Kateterisasi Jantung: Prosedur Diagnostik Sekaligus Terapi

Kateterisasi Jantung: Prosedur Diagnostik Sekaligus Terapi

BANDUNG, CMIHOSPITAL.COM - Kateterisasi jantung adalah suatu prosedur diagnostik dan terapeutik untuk berbagai penyakit jantung. Prosedur ini dilakukan untuk mengukur seberapa banyak darah yang dapat dipompa jantung per menit (curah jantung), untuk mendeteksi kelainan jantung bawaan, dan mendeteksi serta mengambil sampel jaringan tumor (biopsi) pada jantung seperti myxoma. 

Saat ini kateterisasi jantung merupakan satu-satunya cara untuk mengukur tekanan darah secara langsung pada tiap ruang jantung dan pembuluh darah besar yang mengalirkan darah dari jantug ke paru. Prosedur ini dilakukan dengan cara memasukan selang tipis (kateter) ke dalam pembuluh darah arteri atau vena pada leher, lengan atau paha atas dengan bantuan jarum. Obat bius lokal akan diberikan pada lokasi pemasukan kateter untuk menghilangkan rasa sakit. Kateter kemudian akan melalui pembuluh darah besar hingga ruang-ruang jantung. Umumnya proseur ini memakan waktu 40 hingga 60 menit. 

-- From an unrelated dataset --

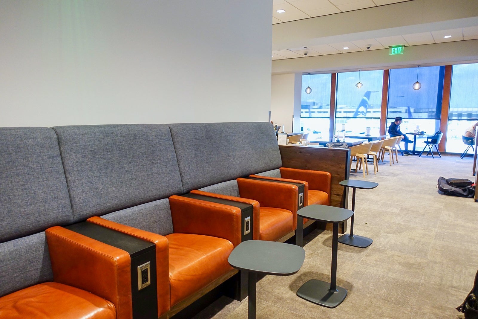 Along the walls are more comfortable couches. Although the white walls feel a bit bland, the decor and design as a whole is fresh and modern, similar to what you'd find in Alaska's new lounges in Seattle (SEA) and New York.

Berbagai macam alat tambahan dapat pula disematkan di ujung kateter seperti alat pengukur tekanan darah pada tiap ruang jantung dan pembuluh darah besar, pemancar ultrasonik untuk melihat atau mengambil gambar rongga pembuluh darah, mengambil sampel darah atau jaringan dari dinding dalam jantung untuk diperiksa di bawah mikroskop (biopsi). Dengan kata lain, kateterisasi merupakan prosedur “perantara” untuk berbagai prosedur lanjutan lainnya. Beberapa prosedur umum yang dapat dilakukan melalui kateterisasi adalah sebagai berikut: 

Kateterisasi Jantung: Prosedur Diagnostik Sekaligus Terapi

• Angiografi koroner: kateter digunakan untuk memasukan zat kontras radiopaque ke dalam pembuluh darah yang memperdarahi otot jantung (pembuluh darah koroner) agar dapat terlihat dengan jelas pada sinar-X.

• Ventrikulografi: kateter digunakan untuk memasukan zat kontras radiopaque ke dalam ruang-ruang jantung agar dapat terlihat dengan jelas pada sinar-X. 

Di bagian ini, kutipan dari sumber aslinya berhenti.